About this exercise >>
Copy the data verbatim and leave out every picture.

:: Given information ::

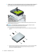 9. Αφαιρέστε τη θήκη της μονάδας δίσκου. Πιέστε τον μοχλό απελευθέρωσης στην αριστερή πλευρά της
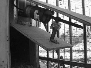 "The timer is just a simple calendar timer that I can reset as day length changes," says Bard. "The opener is an electric motor-driven ball screw. Its threaded shaft screws into a nut on the door."
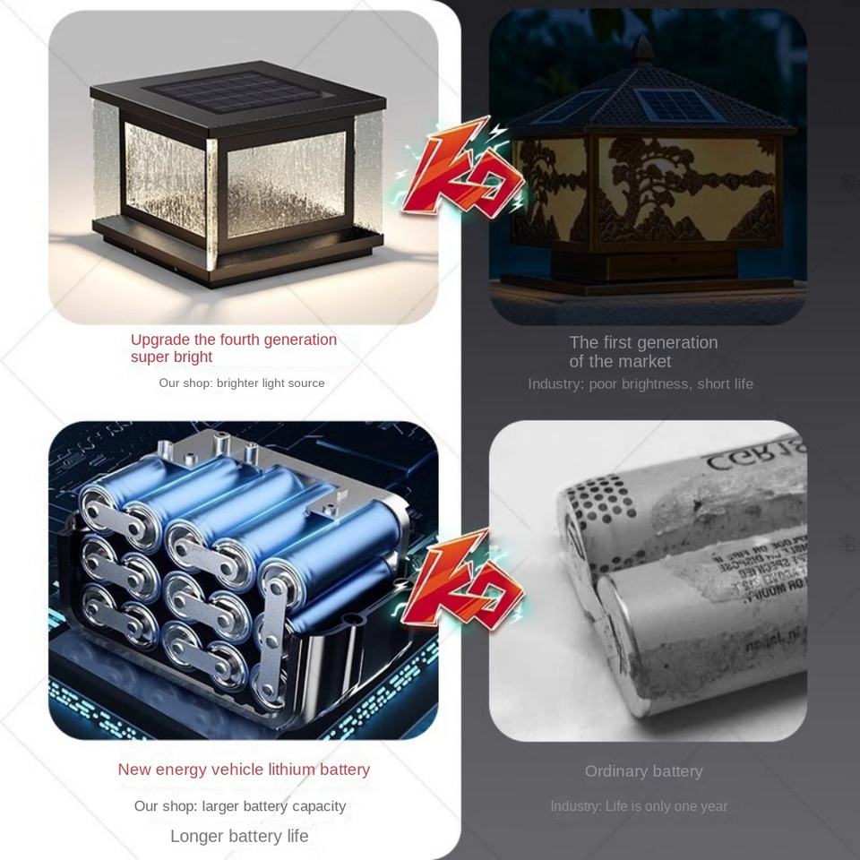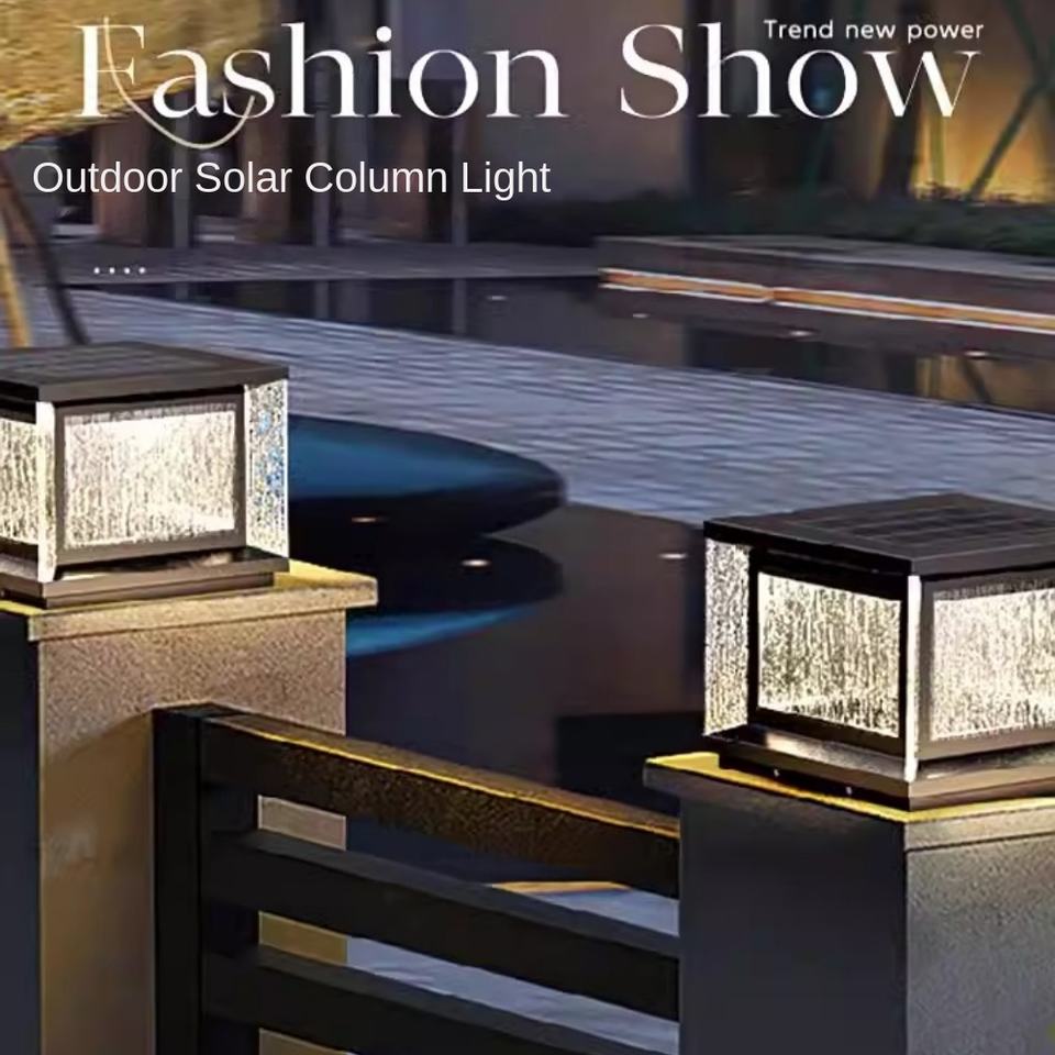 Modern Outdoor Aluminum Column Light Solar Motion Sensor Waterproof Square Garden Fence Main Door LED Pillar Lights E27 Base
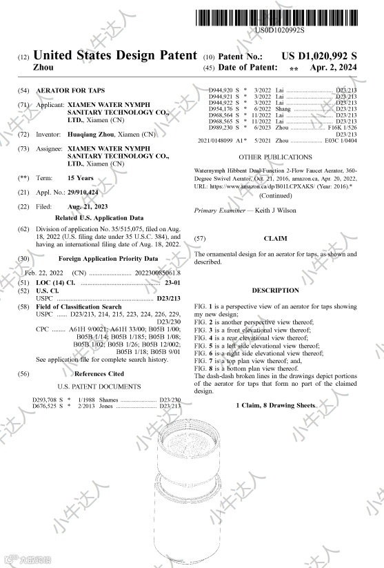 经查询,这款产品于2023年8月21日在美国进行外观专利申请的提交,于2024年4月2日获得了公告。
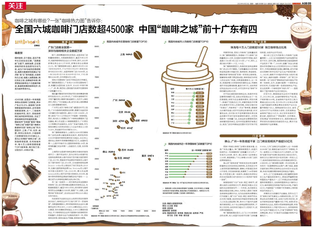 全国六城咖啡门店数超4500家 中国“咖啡之城”前十广东有四
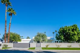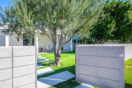 Modern designer home with mountain views! Fully renovated and reimagined contemporary home with panoramic mountain views in desirable Palm Springs. This modern residence features 3 bedrooms, 2.5 baths, and exceptional attention to detail throughout. The entry showcases a stunning full-glass door, leading to an expansive living room with vaulted wooden slat ceilings and skylights that fill the space with natural light. The gourmet kitchen includes black stainless-steel appliances, quartz countertops, open shelving, and a breakfast bar, flowing into a dining area and den-ideal for everyday living and entertaining. The primary ensuite offers a spa-like bath with a soaking tub, walk-in shower, and custom closet system. Guest bedroom also features extra-deep closets with built-ins, and the third bedroom could pull double duty as an office or guest space with a daybed, wardrobe, and desk. Enjoy resort-style outdoor living with mountain views, artificial turf, a saltwater lap pool, above-ground spa, and a covered cabana with outdoor lounge and dining areas. An attached two-car garage with mini-split AC provides flexible use for fitness or workspace. The property is fully fenced with an electronic sliding gate, shaded front yard, and mature plants and trees. Offered fully furnished. Available now for a 12-month lease.

:::

Expected answer >>
 9. Αφαιρέστε τη θήκη της μονάδας δίσκου. Πιέστε τον μοχλό απελευθέρωσης στην αριστερή πλευρά της
 "The timer is just a simple calendar timer that I can reset as day length changes," says Bard. "The opener is an electric motor-driven ball screw. Its threaded shaft screws into a nut on the door."
 Modern Outdoor Aluminum Column Light Solar Motion Sensor Waterproof Square Garden Fence Main Door LED Pillar Lights E27 Base
 经查询,这款产品于2023年8月21日在美国进行外观专利申请的提交,于2024年4月2日获得了公告。
 全国六城咖啡门店数超4500家 中国“咖啡之城”前十广东有四
 Modern designer home with mountain views! Fully renovated and reimagined contemporary home with panoramic mountain views in desirable Palm Springs. This modern residence features 3 bedrooms, 2.5 baths, and exceptional attention to detail throughout. The entry showcases a stunning full-glass door, leading to an expansive living room with vaulted wooden slat ceilings and skylights that fill the space with natural light. The gourmet kitchen includes black stainless-steel appliances, quartz countertops, open shelving, and a breakfast bar, flowing into a dining area and den-ideal for everyday living and entertaining. The primary ensuite offers a spa-like bath with a soaking tub, walk-in shower, and custom closet system. Guest bedroom also features extra-deep closets with built-ins, and the third bedroom could pull double duty as an office or guest space with a daybed, wardrobe, and desk. Enjoy resort-style outdoor living with mountain views, artificial turf, a saltwater lap pool, above-ground spa, and a covered cabana with outdoor lounge and dining areas. An attached two-car garage with mini-split AC provides flexible use for fitness or workspace. The property is fully fenced with an electronic sliding gate, shaded front yard, and mature plants and trees. Offered fully furnished. Available now for a 12-month lease.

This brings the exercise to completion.